TASK INPUT
((
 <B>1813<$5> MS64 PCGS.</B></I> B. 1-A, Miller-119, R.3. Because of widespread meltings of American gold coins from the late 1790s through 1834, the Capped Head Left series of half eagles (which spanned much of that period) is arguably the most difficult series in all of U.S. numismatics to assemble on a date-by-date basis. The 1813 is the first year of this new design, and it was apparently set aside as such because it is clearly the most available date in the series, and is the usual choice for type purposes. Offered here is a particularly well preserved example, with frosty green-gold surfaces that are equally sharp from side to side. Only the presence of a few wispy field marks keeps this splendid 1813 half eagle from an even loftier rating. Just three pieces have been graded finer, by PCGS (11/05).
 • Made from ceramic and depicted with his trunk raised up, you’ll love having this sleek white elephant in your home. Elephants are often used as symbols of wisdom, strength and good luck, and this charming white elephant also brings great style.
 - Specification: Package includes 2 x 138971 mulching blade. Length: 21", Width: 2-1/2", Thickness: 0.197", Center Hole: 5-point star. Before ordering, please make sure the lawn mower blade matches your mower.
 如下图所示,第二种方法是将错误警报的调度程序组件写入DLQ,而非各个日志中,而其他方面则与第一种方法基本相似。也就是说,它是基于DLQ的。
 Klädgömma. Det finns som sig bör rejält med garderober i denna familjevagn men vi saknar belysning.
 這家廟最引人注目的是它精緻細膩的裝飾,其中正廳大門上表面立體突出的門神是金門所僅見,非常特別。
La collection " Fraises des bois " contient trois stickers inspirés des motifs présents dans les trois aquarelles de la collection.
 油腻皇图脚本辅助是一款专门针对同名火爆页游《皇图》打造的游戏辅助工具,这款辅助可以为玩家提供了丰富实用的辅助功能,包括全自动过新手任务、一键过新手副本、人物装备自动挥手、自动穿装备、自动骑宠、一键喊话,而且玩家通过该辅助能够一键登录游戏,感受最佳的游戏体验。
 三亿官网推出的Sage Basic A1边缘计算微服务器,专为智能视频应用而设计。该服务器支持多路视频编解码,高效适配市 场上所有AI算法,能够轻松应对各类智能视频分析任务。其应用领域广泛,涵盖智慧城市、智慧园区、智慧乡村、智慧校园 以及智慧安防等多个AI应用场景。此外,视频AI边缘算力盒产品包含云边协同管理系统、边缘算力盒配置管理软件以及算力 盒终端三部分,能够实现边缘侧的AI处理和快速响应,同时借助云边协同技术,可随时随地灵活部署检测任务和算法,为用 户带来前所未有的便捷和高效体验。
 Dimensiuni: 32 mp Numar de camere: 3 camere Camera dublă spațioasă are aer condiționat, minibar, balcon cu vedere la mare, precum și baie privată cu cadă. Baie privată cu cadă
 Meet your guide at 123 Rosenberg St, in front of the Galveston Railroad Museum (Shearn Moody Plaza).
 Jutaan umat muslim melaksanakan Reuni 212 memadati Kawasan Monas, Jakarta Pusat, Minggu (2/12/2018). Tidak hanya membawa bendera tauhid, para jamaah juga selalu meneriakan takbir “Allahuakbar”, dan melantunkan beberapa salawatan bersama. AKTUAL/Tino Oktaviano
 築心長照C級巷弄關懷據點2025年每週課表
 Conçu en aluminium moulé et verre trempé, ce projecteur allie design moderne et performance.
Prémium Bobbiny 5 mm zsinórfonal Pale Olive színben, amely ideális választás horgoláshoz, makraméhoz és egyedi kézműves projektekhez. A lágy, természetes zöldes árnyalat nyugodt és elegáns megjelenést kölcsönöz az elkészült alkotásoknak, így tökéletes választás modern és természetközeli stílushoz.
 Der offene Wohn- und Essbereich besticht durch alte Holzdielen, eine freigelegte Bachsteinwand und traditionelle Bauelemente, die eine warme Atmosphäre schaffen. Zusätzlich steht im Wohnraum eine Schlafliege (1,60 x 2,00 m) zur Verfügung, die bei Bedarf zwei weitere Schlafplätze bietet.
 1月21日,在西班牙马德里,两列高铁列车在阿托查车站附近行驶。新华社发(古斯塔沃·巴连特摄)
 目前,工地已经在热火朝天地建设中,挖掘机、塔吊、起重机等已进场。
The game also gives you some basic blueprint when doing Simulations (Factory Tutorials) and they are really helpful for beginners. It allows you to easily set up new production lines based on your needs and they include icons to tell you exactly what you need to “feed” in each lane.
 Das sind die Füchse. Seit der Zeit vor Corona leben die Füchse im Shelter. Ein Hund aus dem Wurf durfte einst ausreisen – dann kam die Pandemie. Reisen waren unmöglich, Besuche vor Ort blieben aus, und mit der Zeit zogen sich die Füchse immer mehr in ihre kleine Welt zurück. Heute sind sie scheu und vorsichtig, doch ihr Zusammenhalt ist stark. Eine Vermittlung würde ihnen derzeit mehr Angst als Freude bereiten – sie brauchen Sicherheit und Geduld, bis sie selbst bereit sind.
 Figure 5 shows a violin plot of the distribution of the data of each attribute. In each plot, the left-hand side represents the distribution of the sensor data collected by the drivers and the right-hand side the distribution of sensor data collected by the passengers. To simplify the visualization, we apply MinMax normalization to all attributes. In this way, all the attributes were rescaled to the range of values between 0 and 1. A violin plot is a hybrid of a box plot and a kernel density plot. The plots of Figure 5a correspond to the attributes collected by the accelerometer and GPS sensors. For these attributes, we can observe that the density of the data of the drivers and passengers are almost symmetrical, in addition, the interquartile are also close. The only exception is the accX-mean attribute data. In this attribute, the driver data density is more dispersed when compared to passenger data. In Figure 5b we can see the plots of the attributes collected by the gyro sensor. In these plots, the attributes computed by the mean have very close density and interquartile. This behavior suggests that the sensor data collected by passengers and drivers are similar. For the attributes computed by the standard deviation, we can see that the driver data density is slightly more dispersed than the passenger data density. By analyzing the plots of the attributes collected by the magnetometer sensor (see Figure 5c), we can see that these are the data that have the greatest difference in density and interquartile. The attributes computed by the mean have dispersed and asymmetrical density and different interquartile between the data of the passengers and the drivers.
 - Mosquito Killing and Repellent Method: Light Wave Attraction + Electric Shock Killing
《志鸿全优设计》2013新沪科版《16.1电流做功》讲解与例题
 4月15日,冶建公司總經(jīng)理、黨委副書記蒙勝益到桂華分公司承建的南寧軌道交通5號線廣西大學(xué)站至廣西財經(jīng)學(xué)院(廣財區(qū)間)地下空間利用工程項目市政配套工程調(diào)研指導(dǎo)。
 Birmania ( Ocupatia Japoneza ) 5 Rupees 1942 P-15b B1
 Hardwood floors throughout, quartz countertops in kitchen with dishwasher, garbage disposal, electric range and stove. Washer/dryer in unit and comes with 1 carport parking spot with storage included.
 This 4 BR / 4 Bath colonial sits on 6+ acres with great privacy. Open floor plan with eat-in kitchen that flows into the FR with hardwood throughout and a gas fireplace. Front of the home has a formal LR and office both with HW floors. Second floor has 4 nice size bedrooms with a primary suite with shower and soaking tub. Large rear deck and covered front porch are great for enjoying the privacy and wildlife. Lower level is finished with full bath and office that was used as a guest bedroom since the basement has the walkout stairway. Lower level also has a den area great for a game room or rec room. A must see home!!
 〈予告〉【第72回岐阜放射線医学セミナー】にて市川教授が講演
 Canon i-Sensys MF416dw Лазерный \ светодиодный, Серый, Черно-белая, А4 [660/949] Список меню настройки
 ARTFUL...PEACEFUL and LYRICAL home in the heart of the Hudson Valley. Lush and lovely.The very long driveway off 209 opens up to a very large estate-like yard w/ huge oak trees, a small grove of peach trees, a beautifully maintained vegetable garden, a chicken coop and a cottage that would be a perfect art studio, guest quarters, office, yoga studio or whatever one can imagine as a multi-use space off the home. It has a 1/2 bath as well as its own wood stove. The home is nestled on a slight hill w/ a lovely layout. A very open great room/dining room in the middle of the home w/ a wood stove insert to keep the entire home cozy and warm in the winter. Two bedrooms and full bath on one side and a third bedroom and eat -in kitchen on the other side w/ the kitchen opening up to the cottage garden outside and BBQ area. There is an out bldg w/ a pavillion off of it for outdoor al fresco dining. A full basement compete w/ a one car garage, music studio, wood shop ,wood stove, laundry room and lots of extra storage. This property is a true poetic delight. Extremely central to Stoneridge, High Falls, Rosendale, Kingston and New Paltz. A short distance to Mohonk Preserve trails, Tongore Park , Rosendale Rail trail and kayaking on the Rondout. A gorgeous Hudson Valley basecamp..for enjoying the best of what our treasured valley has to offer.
))
WORK INSTRUCTIONS
Reproduce exactly, and with no other material, the lines between those holding "油腻皇图脚本辅助是一款专门针" and "The game also", inclusive.

RESPONSE AREA
 油腻皇图脚本辅助是一款专门针对同名火爆页游《皇图》打造的游戏辅助工具,这款辅助可以为玩家提供了丰富实用的辅助功能,包括全自动过新手任务、一键过新手副本、人物装备自动挥手、自动穿装备、自动骑宠、一键喊话,而且玩家通过该辅助能够一键登录游戏,感受最佳的游戏体验。
 三亿官网推出的Sage Basic A1边缘计算微服务器,专为智能视频应用而设计。该服务器支持多路视频编解码,高效适配市 场上所有AI算法,能够轻松应对各类智能视频分析任务。其应用领域广泛,涵盖智慧城市、智慧园区、智慧乡村、智慧校园 以及智慧安防等多个AI应用场景。此外,视频AI边缘算力盒产品包含云边协同管理系统、边缘算力盒配置管理软件以及算力 盒终端三部分,能够实现边缘侧的AI处理和快速响应,同时借助云边协同技术,可随时随地灵活部署检测任务和算法,为用 户带来前所未有的便捷和高效体验。
 Dimensiuni: 32 mp Numar de camere: 3 camere Camera dublă spațioasă are aer condiționat, minibar, balcon cu vedere la mare, precum și baie privată cu cadă. Baie privată cu cadă
 Meet your guide at 123 Rosenberg St, in front of the Galveston Railroad Museum (Shearn Moody Plaza).
 Jutaan umat muslim melaksanakan Reuni 212 memadati Kawasan Monas, Jakarta Pusat, Minggu (2/12/2018). Tidak hanya membawa bendera tauhid, para jamaah juga selalu meneriakan takbir “Allahuakbar”, dan melantunkan beberapa salawatan bersama. AKTUAL/Tino Oktaviano
 築心長照C級巷弄關懷據點2025年每週課表
 Conçu en aluminium moulé et verre trempé, ce projecteur allie design moderne et performance.
Prémium Bobbiny 5 mm zsinórfonal Pale Olive színben, amely ideális választás horgoláshoz, makraméhoz és egyedi kézműves projektekhez. A lágy, természetes zöldes árnyalat nyugodt és elegáns megjelenést kölcsönöz az elkészült alkotásoknak, így tökéletes választás modern és természetközeli stílushoz.
 Der offene Wohn- und Essbereich besticht durch alte Holzdielen, eine freigelegte Bachsteinwand und traditionelle Bauelemente, die eine warme Atmosphäre schaffen. Zusätzlich steht im Wohnraum eine Schlafliege (1,60 x 2,00 m) zur Verfügung, die bei Bedarf zwei weitere Schlafplätze bietet.
 1月21日,在西班牙马德里,两列高铁列车在阿托查车站附近行驶。新华社发(古斯塔沃·巴连特摄)
 目前,工地已经在热火朝天地建设中,挖掘机、塔吊、起重机等已进场。
The game also gives you some basic blueprint when doing Simulations (Factory Tutorials) and they are really helpful for beginners. It allows you to easily set up new production lines based on your needs and they include icons to tell you exactly what you need to “feed” in each lane.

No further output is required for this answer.